ZAMBOANGA CITY (MindaNews /07 July) — The invitation read: The President of the Republic of the Philippines requests the pleasure of your company at the Signing of the Peace Agreement between the Government of the Philippines and the Moro National Liberation Front on Monday, the Second of September nineteen hundred and ninety six at nine o’clock Ceremonial Hall, Malacanan Palace. Attire: Gentlemen:Business Suit,Formal Barong Filipino. Ladies:As Appropriate.

07malacanan1We had to be in Manila at least days ahead before the event. I was in the group led by the highly esteemed Mayor Vitaliano Agan, Dr.Juanito Bruno, Ms Perla de Castro, Dr Luningning Umar, Amman Nuno, Nung Ajihil, Jack Jikiri. My former bosses Elnorita Tugung and Sali Wali were also there. We were billeted at Chinatown’s One Hotel, Mayor Agan’s favorite, because he says: “Everything is there once you go out.” The hotel’s elevator was the old rickety cast iron that needs to be moved to get in. The elevator also shakes as it goes up or down. It gave us a fright everytime we took it, but no one was complaining.

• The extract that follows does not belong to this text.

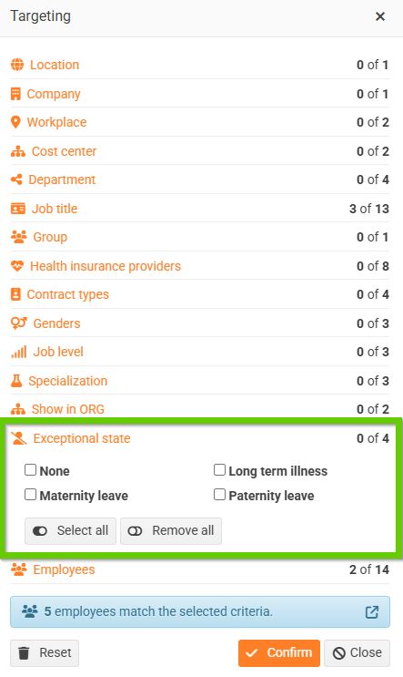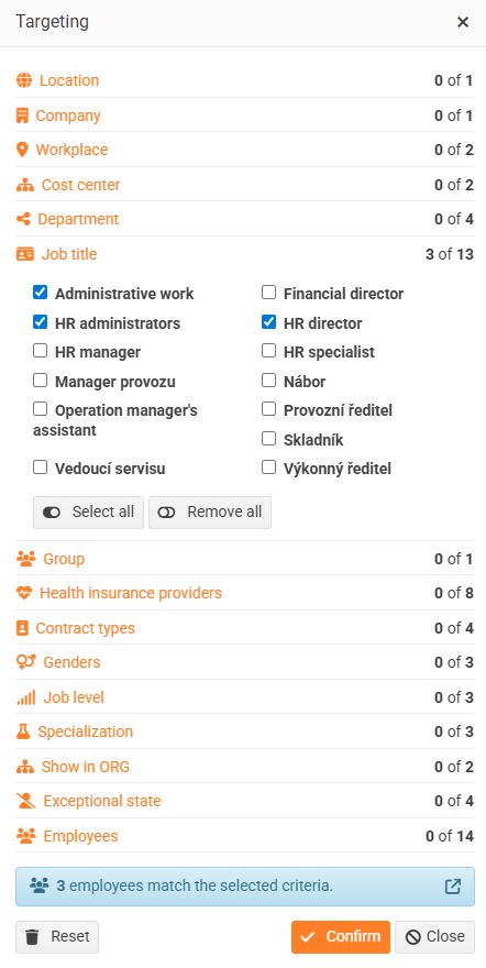 You have different categories available – for example Company, Department, Job title, Contract types, Health insurance providers, or Genders. For each of these categories, you can select one or more values. The more values you select across different categories, the narrower the result will be – the targeting system filters employees who meet all selected conditions simultaneously .

Upon arrival, we visited the Office of the Executive Secretary, Ruben Torres, a classmate of Nur Misuari back in UP Diliman. We went to see the Lakas headquarters where someone interviewed us.

By Sunday evening our group went to the Manila Hotel where Chairman Nur Misuari, his family, and the Moro National Liberation Front (MNLF) contingent were billeted. The hotel was literally filled with people. We met friends not seen before. Mayor Jean Yasin, whose brother Cdr Shariful Kang Yasin was also there and she invited me to sleep over but I declined. It was a nice gesture but the place was swarming with people and I do not really relish a big crowd. The members and supporters of the MNLF were in high spirit except a few members who stayed away. It was midnight so we went back to One Hotel.

On Monday morning, we took our breakfast early, dressed up and proceeded to Malacanan Palace. By the time we arrived at 7:30,  the place was filled with people. Invited guests with invitations had to look for their names in the Masterlist.

The Ceremonial Hall at the second floor and ground floor was opened to accommodate more guests. They just had to view the TV monitor to see what was happening at the Ceremonial Hall on the second floor. It used to be Maharlika Hall during the time of President Marcos. The ground floor was filled to the brim.

We proceeded to the second floor, on one side, the members of the Diplomatic Corps were seated.  We took our seats. President Fidel Ramos, Ambassador Manuel Yan, Secretary General Dr. Hamid Algabid of the Organization of the Isalmic Conference, Indonesia’s Foreign Minister Ali Alatas, and MNLF Chairman Nur Misuari were seated at the presidential table. The President , Secretary General Algabaid, and Chairman Misuari spoke after the Signing. A guy from Malacanan approached me and told me to follow him to one corner in the hall were TV cameras were set up. The Signing was being carried nationwide on television.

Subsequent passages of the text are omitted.